Asimismo, la oportunidad de comprar voluntades, empréstitos mediante, era una que un hombre de negocios como Donald Trump no iba a dejar escapar. Por tal motivo, se apresuró por presentar a un candidato a las elecciones del Banco Interamericano del Desarrollo a la medida de sus intereses. Mauricio Claver Carone resalta en su curriculum haber sido asesor legal del Departamento del Tesoro estadounidense, director ejecutivo del Fondo Monetario Internacional y luego Consejero para Latinoamérica de la actual gestión. Antes de desembarcar en el ámbito público, Claver Carone fue lobista de U.S.-Cuba Democracy, una iniciativa abiertamente opuesta al castrismo. Todo lo anterior va en una única dirección: la de establecer una postura cada vez más dura con países con Venezuela, Cuba o Nicaragua. Y el poder económico que proyecta el B.I.D. es el lugar más apropiado para hacer una distribución de los recursos de forma totalmente discrecional. De hecho, la institución ya ha presentado un plan de “rescate” para Venezuela una vez que el país “retome el sendero democrático”, consistiendo en un empréstito de cerca de U$S 8.000.000. En ese sentido, la Subsecretaria de Estado para América Latina y el Caribe, Roberta Jacobson, expresó su temor a que el actual representante del Ejecutivo “use el banco para forzar a los países a adoptar las políticas que desea, como condición para otorgarles préstamos”.

La soberbia y la omnipotencia trumpistas quedaron como una marca de fuego sobre la propia elección de Claver Carone al frente del B.I.D.: un acuerdo mantenido tradicionalmente por los países miembros, había llevado únicamente candidatos latinoamericanos a la presidencia. Regla ésta que poco les importó también a aquellos países que acompañaron la decisión del primer mandatario del norte, como Brasil, Ecuador, Colombia, Bolivia, Uruguay y Paraguay. Y éste no es un dato menor, porque el presidente de la entidad maneja fondos por U$S 13.000.000.000 por años para otorgar créditos, y tiene llegada directa a los presidentes de cada nación. Donald Trump ha dejado un poderoso representante en la región, con una caja capaz de competir con los fondos que llegan de China con cada vez mayor frecuencia al sur del continente; y si bien el gigante asiático también es un país miembro, solo tiene una participación de un 0,004% frente al 30% norteamericano. Estados Unidos se juega una última carta en suelo latinoamericano, frente a un comercio exterior claramente dominado por Beijing y que se ha incrementado veinte veces desde el 2002.    

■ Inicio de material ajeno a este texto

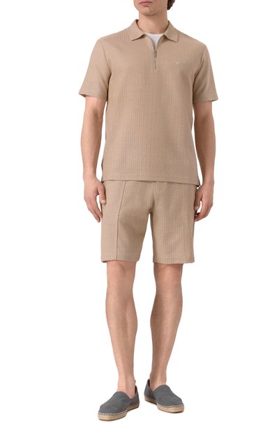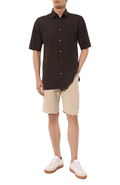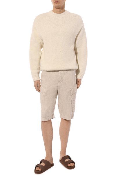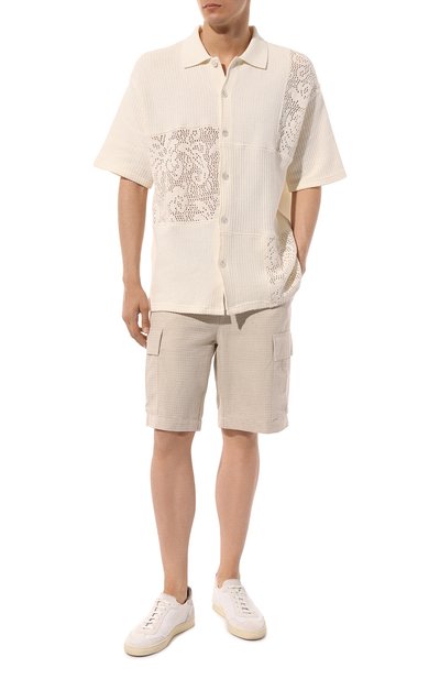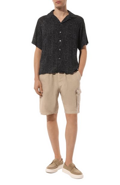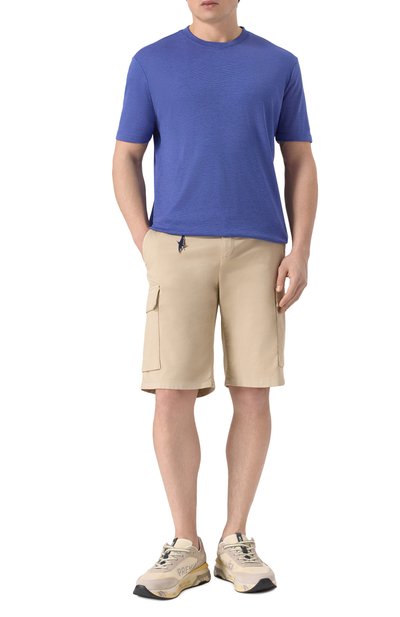 Шорты Marseille изо льна дополнены четырьмя врезными карманами и одним карго с вышитым логотипом марки. Эластичный пояс-кулиска с витым шнуром украшен брендированным патчем.

Joe Biden enfrenta entonces una serie de desafíos importantes. En primer lugar, trazar una estrategia que le posibilite mitigar el gran peligro que, tanto a nivel nacional como internacional, representa la pandemia del Coronavirus que ha posicionado a Estados Unidos como el país más severamente afectado. Una vez que la cuestión sanitaria se encuentre controlada, algo a lo que seguramente ayudarán los avances en el desarrollo de diversas vacunas que Donald Trump ha pactado con varios laboratorios, comenzará una segunda etapa llena de incertidumbre: cómo continuará la política exterior estadounidense, no tanto en lo referente a lo comercial (el restablecimiento de las relaciones comerciales con China ya es dado como un hecho en la era Biden), sino principalmente en su relación político-militar con regiones como Medio Oriente y América Latina. La Rusia de Vladimir Putin también es un importante jugador en el escenario mundial, al igual que Irán, naciones ante las cuales deberá el flamante presidente sentar una posición concreta en el marco de un multilateralismo cada vez más complejo. Habrá que esperar a ver si podrá convencer a organismos como la O.E.A. o el B.I.D. de plantear objetivos comunes: después de todo, haciendo gala de una actitud consensual, Biden ya cumplió con el “llamado a la unidad”, apeló a un discurso moderado, y cuenta con un notable apoyo del establishment de su partido y los intereses representados en Wall Street. Comenzó, literalmente, con el pie derecho.          

*Manuela Expósito, licenciada en Ciencia Política (U.B.A.), integrante de la Comisión de América Latina de Tesis 11.